Ничего неслыханного в их замыслах не было. Набеги на города и даже временный захват их вторгавшимися с юга или с востока жадными сынами пустыни, хабирами или бедуинами, если и не были в порядке вещей, то, во всяком случае, представляли собой явленье не такое уже редкое. Но предание, идущее не от горожан, а от хабиров или иврим в узком смысле слова, от сыновей Израиля, – это предание со спокойной совестью, не сомневаясь в дозволенности такого эпического очищенья действительности, утаивает от мира тот факт, что с самого начала в стане Иакова намечали определить отношения с Шекемом военным путем и что только сопротивление главы рода отсрочило реализацию этих планов на несколько лет, то есть до печального случая с Диной.

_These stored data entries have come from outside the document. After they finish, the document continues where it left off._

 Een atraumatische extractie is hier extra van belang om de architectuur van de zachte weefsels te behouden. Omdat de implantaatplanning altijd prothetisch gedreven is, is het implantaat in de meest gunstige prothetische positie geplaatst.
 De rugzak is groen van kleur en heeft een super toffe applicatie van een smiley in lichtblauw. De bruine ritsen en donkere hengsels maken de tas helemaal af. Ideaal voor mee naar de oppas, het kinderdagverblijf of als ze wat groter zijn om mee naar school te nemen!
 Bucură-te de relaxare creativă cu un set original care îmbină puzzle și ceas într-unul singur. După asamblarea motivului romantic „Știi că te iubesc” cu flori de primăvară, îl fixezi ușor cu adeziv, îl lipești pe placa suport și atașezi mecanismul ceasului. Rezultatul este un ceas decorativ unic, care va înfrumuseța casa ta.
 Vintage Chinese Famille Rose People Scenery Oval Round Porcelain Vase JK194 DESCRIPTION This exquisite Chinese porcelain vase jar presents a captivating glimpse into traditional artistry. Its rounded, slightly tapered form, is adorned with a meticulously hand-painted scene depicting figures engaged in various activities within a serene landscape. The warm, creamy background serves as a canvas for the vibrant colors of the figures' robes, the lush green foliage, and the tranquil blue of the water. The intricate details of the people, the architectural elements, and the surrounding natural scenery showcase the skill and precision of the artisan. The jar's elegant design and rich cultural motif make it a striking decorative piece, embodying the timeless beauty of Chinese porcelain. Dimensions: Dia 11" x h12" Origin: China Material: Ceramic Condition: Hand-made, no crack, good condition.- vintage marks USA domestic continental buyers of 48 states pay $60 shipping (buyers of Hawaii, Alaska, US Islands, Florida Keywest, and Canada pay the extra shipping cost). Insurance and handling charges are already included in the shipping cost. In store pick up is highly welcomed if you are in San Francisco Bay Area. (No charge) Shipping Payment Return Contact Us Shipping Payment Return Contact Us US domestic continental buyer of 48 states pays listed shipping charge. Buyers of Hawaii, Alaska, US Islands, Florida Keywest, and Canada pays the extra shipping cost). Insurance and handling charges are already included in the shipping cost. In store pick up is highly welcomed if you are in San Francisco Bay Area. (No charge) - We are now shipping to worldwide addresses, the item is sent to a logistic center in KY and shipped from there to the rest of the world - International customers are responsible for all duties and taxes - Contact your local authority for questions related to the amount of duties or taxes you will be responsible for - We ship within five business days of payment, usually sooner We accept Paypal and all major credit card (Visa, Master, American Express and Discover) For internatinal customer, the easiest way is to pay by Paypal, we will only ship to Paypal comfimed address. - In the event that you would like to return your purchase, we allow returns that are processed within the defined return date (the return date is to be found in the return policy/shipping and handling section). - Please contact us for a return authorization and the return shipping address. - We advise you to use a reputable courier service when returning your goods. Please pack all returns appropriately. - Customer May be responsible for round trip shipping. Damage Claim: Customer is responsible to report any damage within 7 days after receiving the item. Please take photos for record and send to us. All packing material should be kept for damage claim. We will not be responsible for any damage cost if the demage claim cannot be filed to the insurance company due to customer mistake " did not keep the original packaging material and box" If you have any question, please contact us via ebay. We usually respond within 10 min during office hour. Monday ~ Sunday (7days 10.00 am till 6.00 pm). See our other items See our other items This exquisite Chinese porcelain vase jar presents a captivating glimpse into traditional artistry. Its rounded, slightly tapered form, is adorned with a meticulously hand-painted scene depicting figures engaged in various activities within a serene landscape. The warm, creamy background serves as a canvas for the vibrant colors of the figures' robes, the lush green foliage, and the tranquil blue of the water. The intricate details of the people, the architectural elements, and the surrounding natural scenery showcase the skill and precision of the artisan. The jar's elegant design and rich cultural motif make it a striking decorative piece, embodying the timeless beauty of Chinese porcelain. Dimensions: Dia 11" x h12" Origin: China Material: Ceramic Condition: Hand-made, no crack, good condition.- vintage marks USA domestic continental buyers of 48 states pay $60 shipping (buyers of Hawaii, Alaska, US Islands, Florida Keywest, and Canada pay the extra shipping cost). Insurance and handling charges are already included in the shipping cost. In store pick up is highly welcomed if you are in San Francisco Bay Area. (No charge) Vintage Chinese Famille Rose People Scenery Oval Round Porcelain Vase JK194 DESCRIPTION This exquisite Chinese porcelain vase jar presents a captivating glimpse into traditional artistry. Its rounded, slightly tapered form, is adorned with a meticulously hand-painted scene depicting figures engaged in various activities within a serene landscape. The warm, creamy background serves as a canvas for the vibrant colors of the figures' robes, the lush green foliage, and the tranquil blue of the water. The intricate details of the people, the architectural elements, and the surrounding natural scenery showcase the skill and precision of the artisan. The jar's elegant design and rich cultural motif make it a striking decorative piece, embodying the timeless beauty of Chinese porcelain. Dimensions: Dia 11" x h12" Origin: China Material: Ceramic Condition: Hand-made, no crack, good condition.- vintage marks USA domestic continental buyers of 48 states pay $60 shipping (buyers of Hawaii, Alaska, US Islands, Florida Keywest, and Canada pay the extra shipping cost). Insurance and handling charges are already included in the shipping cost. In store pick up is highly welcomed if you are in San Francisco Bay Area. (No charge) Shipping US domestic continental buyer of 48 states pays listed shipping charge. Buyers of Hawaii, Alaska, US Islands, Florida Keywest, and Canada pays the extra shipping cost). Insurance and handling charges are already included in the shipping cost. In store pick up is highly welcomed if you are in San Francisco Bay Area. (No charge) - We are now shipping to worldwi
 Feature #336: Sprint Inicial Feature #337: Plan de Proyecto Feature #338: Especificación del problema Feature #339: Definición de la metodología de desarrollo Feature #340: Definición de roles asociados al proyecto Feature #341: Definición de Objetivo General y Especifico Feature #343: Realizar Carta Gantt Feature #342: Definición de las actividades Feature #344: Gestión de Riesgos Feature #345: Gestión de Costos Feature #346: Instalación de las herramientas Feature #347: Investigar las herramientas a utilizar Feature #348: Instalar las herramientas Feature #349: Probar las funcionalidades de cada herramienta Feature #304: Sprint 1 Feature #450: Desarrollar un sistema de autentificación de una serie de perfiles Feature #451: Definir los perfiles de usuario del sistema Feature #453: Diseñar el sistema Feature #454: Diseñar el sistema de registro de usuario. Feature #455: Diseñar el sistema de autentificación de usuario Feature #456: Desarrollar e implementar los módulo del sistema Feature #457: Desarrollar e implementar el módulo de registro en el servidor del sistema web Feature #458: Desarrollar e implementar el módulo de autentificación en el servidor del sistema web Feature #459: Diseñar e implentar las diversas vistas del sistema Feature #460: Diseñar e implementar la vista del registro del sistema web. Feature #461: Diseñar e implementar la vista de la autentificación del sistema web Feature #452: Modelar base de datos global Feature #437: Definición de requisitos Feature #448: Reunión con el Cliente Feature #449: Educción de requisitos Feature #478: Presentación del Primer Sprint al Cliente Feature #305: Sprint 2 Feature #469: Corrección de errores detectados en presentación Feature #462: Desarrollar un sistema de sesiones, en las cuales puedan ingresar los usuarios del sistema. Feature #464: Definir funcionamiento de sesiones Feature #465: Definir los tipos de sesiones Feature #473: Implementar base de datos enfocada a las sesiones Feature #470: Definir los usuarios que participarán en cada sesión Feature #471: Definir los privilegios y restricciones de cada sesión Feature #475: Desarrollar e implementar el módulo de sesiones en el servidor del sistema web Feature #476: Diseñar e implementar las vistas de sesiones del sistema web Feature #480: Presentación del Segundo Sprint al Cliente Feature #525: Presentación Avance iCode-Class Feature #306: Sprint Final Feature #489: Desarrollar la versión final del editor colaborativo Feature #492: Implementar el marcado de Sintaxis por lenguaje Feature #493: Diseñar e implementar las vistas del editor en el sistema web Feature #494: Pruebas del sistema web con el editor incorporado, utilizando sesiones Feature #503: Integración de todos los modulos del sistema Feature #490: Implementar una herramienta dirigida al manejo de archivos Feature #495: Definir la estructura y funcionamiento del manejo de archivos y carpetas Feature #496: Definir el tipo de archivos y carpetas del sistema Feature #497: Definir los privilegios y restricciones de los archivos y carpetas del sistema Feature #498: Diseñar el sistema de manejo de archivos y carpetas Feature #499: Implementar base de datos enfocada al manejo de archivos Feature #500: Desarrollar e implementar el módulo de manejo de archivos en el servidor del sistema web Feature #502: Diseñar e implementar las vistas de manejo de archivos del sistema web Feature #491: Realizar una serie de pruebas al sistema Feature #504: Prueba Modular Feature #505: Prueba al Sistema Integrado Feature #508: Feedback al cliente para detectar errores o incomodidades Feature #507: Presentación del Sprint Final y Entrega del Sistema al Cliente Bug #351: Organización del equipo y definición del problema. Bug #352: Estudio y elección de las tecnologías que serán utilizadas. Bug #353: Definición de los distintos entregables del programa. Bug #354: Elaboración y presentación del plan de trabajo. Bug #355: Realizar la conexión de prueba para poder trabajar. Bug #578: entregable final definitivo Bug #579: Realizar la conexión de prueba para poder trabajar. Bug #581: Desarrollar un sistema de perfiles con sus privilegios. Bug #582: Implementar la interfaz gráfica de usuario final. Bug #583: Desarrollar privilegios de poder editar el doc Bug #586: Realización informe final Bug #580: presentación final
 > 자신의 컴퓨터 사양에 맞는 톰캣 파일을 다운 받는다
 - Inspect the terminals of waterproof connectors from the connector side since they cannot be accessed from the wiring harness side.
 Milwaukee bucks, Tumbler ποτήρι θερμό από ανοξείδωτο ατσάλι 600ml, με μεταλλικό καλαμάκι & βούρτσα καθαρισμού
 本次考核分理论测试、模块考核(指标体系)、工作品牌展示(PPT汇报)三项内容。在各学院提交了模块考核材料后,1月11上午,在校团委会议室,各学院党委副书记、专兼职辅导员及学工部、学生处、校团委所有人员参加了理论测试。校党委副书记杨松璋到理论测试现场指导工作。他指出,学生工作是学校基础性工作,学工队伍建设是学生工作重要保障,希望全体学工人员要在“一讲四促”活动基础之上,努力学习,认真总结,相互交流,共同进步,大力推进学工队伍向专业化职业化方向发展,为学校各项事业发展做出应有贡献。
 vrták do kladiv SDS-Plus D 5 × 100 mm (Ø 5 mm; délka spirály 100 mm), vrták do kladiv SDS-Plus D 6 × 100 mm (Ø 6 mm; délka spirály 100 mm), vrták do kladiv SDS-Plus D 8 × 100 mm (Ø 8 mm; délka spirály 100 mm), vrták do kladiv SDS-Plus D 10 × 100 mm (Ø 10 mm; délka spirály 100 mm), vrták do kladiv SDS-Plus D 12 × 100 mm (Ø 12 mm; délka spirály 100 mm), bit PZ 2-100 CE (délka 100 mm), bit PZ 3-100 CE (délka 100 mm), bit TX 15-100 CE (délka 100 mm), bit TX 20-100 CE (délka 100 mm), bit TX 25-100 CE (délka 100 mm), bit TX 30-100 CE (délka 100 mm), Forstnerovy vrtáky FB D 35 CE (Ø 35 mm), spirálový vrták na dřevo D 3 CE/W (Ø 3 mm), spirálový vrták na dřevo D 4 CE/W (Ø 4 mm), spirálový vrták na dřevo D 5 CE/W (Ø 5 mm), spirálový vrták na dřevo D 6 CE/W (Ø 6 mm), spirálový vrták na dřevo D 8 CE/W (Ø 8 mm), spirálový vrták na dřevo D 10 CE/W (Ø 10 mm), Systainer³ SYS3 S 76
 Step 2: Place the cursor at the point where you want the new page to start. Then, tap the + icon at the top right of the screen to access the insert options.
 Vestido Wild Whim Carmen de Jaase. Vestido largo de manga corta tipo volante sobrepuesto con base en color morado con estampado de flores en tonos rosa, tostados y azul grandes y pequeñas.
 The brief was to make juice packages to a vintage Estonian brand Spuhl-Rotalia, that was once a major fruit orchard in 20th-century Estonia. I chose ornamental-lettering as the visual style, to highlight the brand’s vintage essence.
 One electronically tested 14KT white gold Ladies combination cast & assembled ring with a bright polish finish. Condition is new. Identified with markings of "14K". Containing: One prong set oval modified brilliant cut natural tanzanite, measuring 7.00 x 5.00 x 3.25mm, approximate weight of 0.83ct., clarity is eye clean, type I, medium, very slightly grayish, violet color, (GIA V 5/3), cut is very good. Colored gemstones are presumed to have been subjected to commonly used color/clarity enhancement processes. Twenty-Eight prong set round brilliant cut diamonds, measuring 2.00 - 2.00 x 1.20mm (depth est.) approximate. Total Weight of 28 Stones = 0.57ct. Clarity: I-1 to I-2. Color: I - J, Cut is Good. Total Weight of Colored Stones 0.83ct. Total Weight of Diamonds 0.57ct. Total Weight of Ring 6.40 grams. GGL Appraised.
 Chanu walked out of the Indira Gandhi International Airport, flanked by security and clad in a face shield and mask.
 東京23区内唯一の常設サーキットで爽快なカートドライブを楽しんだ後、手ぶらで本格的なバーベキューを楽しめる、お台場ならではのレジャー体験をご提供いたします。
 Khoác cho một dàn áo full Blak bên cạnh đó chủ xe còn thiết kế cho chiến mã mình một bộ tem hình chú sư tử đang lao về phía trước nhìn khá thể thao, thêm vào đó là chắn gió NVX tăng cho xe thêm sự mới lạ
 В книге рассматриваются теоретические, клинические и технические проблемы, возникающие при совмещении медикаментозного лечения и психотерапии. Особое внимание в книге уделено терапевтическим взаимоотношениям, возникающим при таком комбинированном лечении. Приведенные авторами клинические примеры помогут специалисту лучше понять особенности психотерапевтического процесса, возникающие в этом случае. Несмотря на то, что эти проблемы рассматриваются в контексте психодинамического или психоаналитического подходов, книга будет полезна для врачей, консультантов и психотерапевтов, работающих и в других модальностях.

Сопротивление это было, правда, величественно и непреодолимо. Иаков находился тогда в особенно приподнятом настроении, что объяснялось его образованностью, значительностью его души, его склонностью к далеко идущим ассоциациям. Последние двадцать пять лет его жизни виделись выспреннему его уму в свете космического соответствия, они представлялись подобием кругооборота, сменой вознесения, сошествия в ад и воскресения, счастливейшим заполнением мифической схемы роста. Из Беэршивы он пришел некогда в Вефиль, в место, где ему привиделась великая лестница, это было вознесение. Оттуда – в степь преисподней, где ему пришлось служить, потеть и мерзнуть дважды семь лет, но где он стал затем очень богат, одурачив одного хитрого и в то же время глупого беса по имени Лаван, – по своей образованности он не мог не видеть в своем месопотамском тесте демона черной луны и злого дракона, который его обманул, но которого он потом тоже основательно обманул и обокрал, после чего со всем украденным, а главное, со своей освобожденной Иштар, прекрасноокой Рахилью, смеясь в сердце своем великим и благочестивым смехом, он сломал запоры преисподней, поднялся из нее и пришел к Сихему. Сихемская долина могла и не быть такой цветущей, какой он действительно увидел ее в час прибытия, чтобы показаться задумчивому его воображению местом весеннего обновления в круговороте его жизни; авраамитские воспоминания об этом месте тоже наполняли его сердце кротким благоговением перед ним. Да, если отпрыски Иакова вспоминали о воинственности Авраама, о смелом его нападении на полчища Востока и о том, как он обломал бока звездопоклонникам, то сам он, Иаков, вспоминал о дружбе праотца Авраама с Мелхиседеком, сихемским первосвященником, о благословении, полученном им от Мелхиседека, о дани признанья и симпатии, отданной Авраамом сихемскому божеству; и поэтому, когда большие его сыновья в осторожной и почти поэтической форме намекнули на грубую свою затею, они встретили у него самый скверный прием.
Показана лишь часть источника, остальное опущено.